I am analyzing a dataset for Regression Discontinuity Design where the dependent variable, y, represents the fraction of students at each unique score who rated their experience of taking an exam remotely above 4, i.e., above ‘somewhat satisfactory’. The independent variable, x, corresponds to these unique scores. However, my data includes exact 0s and 1s, for instances where all students at a performance level either rated below or entirely above 4. I have 2 questions:

  1. Given that y can be exactly 0 and 1 as well as fractional values in between, it is suitable to consider this as a straightforward probability distribution? If so, are there specific transformations you would recommend for y so I can model this using a Beta regression model? Currently, my beta regression model does not converge due to presence of these boundary values.

  2. If you think it is a straightforward probability distribution, what regression model would best suit this data, especially given the presence of 0 and 1 values? Perhaps a Zero-and-One inflated Beta distribution? If so, is there an existing PyMC tutorial on such model that might help?

I appreciate any insights or suggestions.

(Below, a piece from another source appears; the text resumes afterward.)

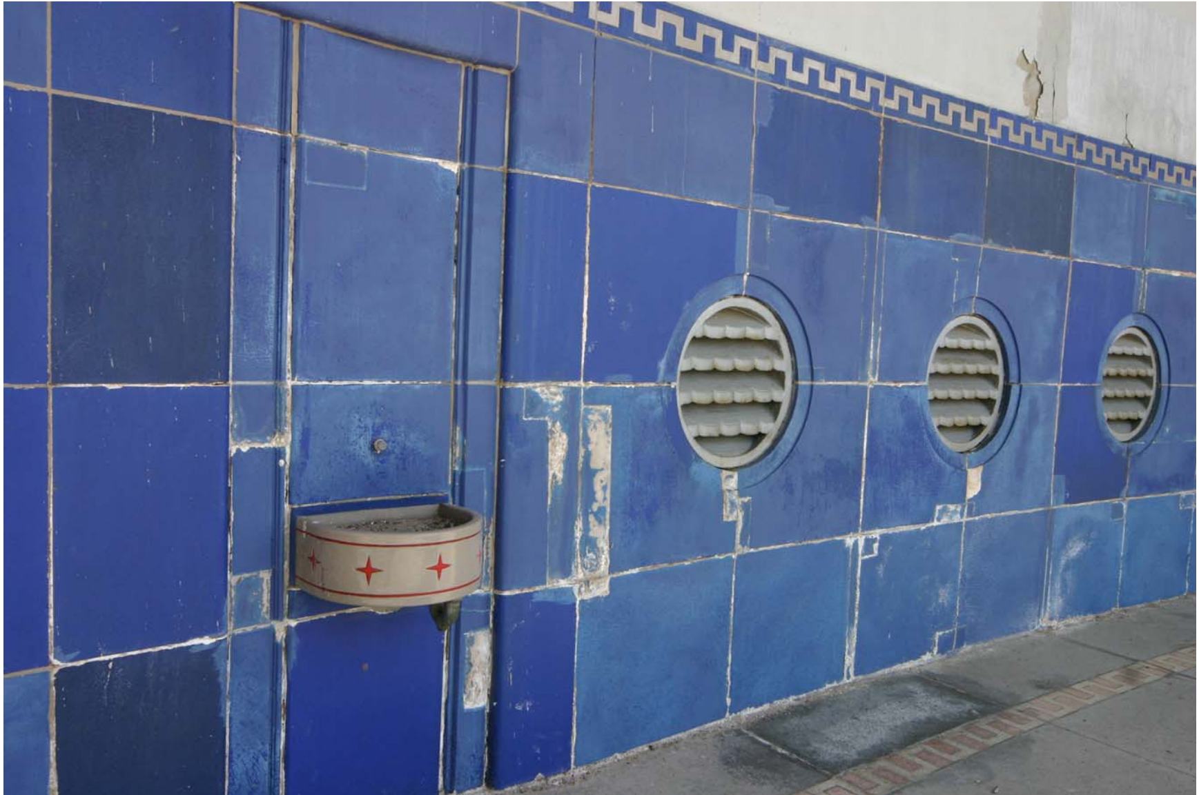
Orchard Beach Bath House and Promenade: North Loggia Wall

I have attached a simulated data that illustrates the issue below. The independent variable i.e. test_performance values have been centered at 0 based on an observed discontinuity at 4. The threshold variable represent treatment assignment. Fractions is the dependent variable
simulated.csv (1.2 KB)

You could try a LogisticNormal, which is expit(Normal). It lies between zero and one, and admits boundary values. It’s also parameterized by mu and sigma, which might be more familiar to work with than the beta distribution parameters (the scale doesn’t influence the location).

1 Like

For the zeros-ones you can either model them separately, or create a Mixture similar to how Hurdle Mixtures are implement in PyMC with components = [pm.DiracDelta.dist(0), pm.Truncated.dist(..., lower=0 + eps, upper=1-eps), pm.DiracDelta.dist(1)], where 0/1 +- eps are the smallest value you can register above 0 or below 1.

Either way, you will have to decide how to parametrize the weights, which inform the probability of observing 0, 1 or something in between.

1 Like

Thanks @jessegrabowski and @ricardoV94 for your suggestions. I will try them and report back.